━━━ Given records ━━━

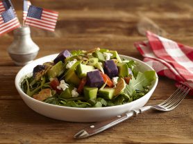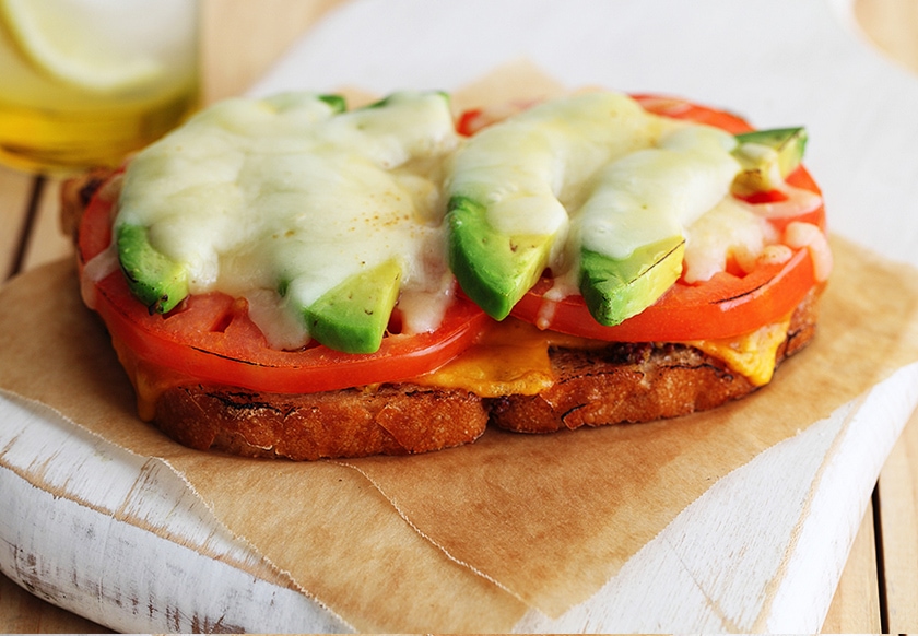 Toasted sourdough bread topped with cheddar cheese, jack cheese, sliced tomato and Fresh California Avocado, baked and served open faced.
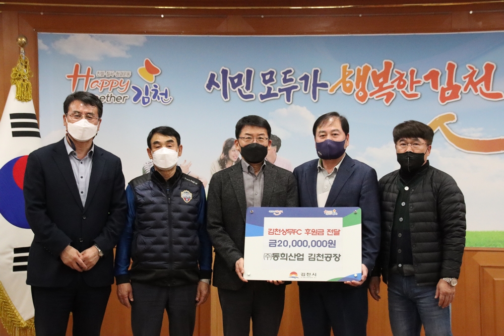 박주은 ㈜동희산업 대표는 “김천시 연고 프로축구단인 김천상무에 후원금을 전달하게 돼 기쁘다. 어려운 시기를 김천상무를 통해 지역민들과 함께 극복하고 한발 더 나아갈 수 있었으면 한다. 앞으로도 구단에 대한 많은 관심과 격려를 이어나가겠다”고 말했다.
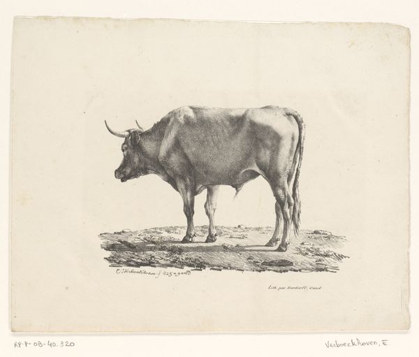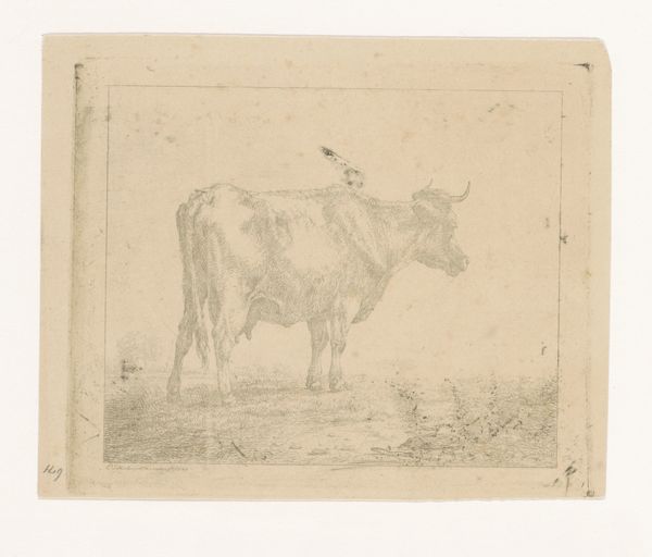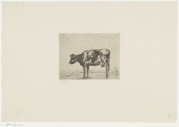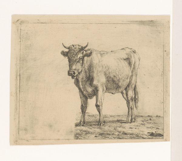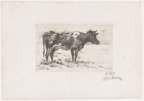 Auguste Danse created this etching of a bull in a field, sometime in the late 19th century. Consider the pastoral settings that were often idealized during this period, frequently presenting harmonious views of nature and rural life. Danse, working within this tradition, subtly challenges it. His bull is not part of a picturesque farm scene, but stands alone, almost confrontational. The starkness of the etching emphasizes the animal's physical presence. The bull, a symbol of virility and strength, here seems almost burdened, its heavy form rendered with a palpable sense of weight. Perhaps Danse is commenting on the labor and the role of animals in agriculture. The print invites us to reflect on our relationship with the natural world, and the complex ways we assign meaning to the creatures within it. It prompts us to consider the realities of rural existence, beyond idealized representations.
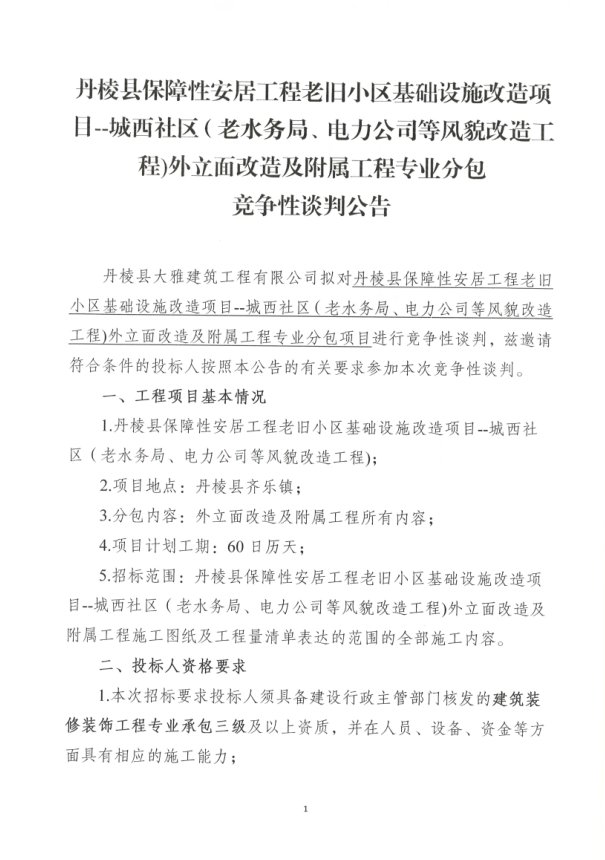 【大雅建筑公司】丹棱縣保障性安居工程老舊小區基礎設施改造項目--城西社區(老水務局、電力公司等風貌改造工程)外立面改造及附屬工程專業分包競爭性談判公告
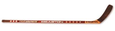 Recent model Easton T-Flex Graphite used by goal-rilla Joe Sakic with the Avs. Wood Easton blade stamped "Sakic" with black tape on the knob and blade.
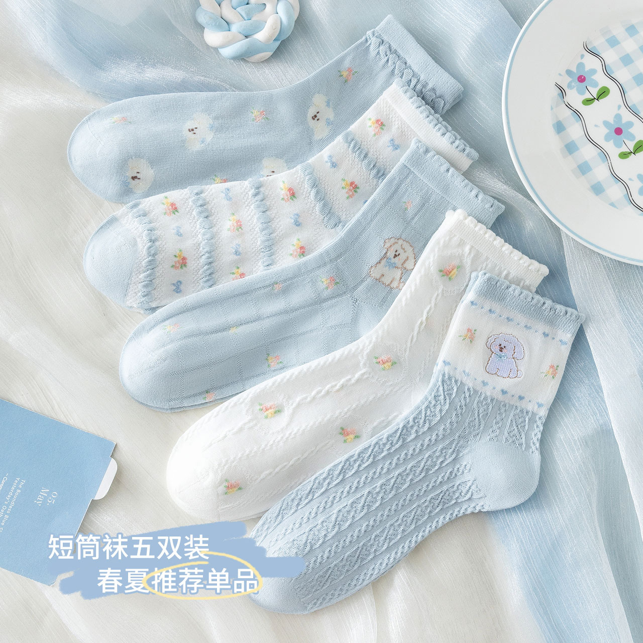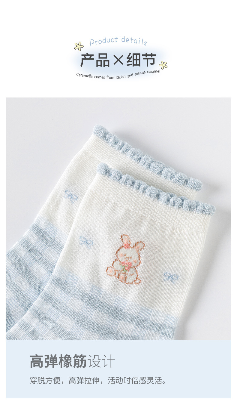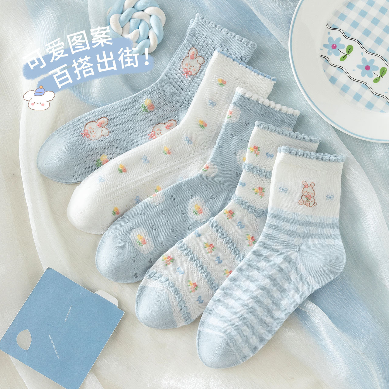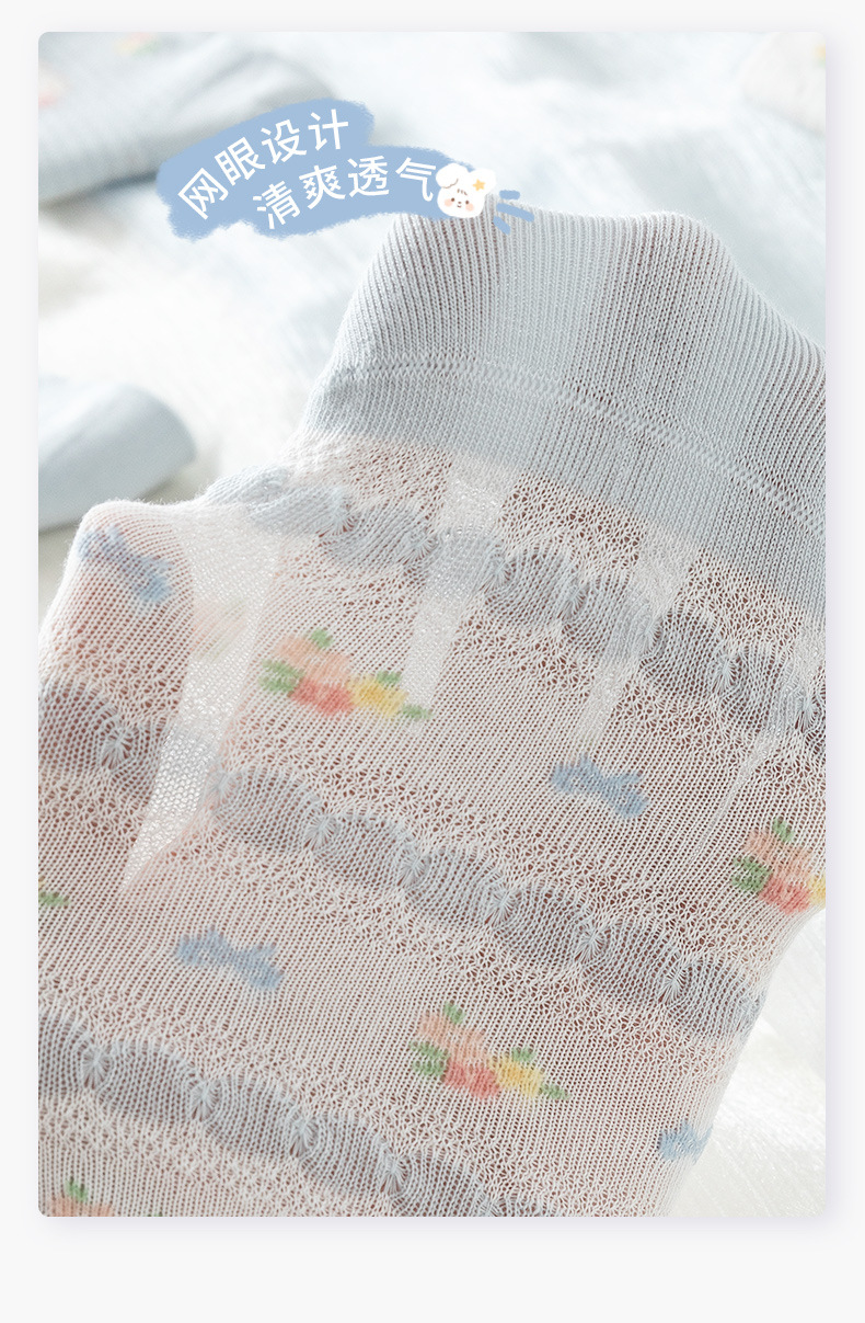 여성을위한 새로운 봄, 여름 양말 5 쌍 얇은 메쉬 짧은 양말 블루 레이스 만화 양말 귀여운 숙녀 양말

━━━

Problem to solve — Could you set down the records above word for word, without any of the pictures?

Result of the task —
 Toasted sourdough bread topped with cheddar cheese, jack cheese, sliced tomato and Fresh California Avocado, baked and served open faced.
 박주은 ㈜동희산업 대표는 “김천시 연고 프로축구단인 김천상무에 후원금을 전달하게 돼 기쁘다. 어려운 시기를 김천상무를 통해 지역민들과 함께 극복하고 한발 더 나아갈 수 있었으면 한다. 앞으로도 구단에 대한 많은 관심과 격려를 이어나가겠다”고 말했다.
 Auguste Danse created this etching of a bull in a field, sometime in the late 19th century. Consider the pastoral settings that were often idealized during this period, frequently presenting harmonious views of nature and rural life. Danse, working within this tradition, subtly challenges it. His bull is not part of a picturesque farm scene, but stands alone, almost confrontational. The starkness of the etching emphasizes the animal's physical presence. The bull, a symbol of virility and strength, here seems almost burdened, its heavy form rendered with a palpable sense of weight. Perhaps Danse is commenting on the labor and the role of animals in agriculture. The print invites us to reflect on our relationship with the natural world, and the complex ways we assign meaning to the creatures within it. It prompts us to consider the realities of rural existence, beyond idealized representations.
 【大雅建筑公司】丹棱縣保障性安居工程老舊小區基礎設施改造項目--城西社區(老水務局、電力公司等風貌改造工程)外立面改造及附屬工程專業分包競爭性談判公告
 Recent model Easton T-Flex Graphite used by goal-rilla Joe Sakic with the Avs. Wood Easton blade stamped "Sakic" with black tape on the knob and blade.
 여성을위한 새로운 봄, 여름 양말 5 쌍 얇은 메쉬 짧은 양말 블루 레이스 만화 양말 귀여운 숙녀 양말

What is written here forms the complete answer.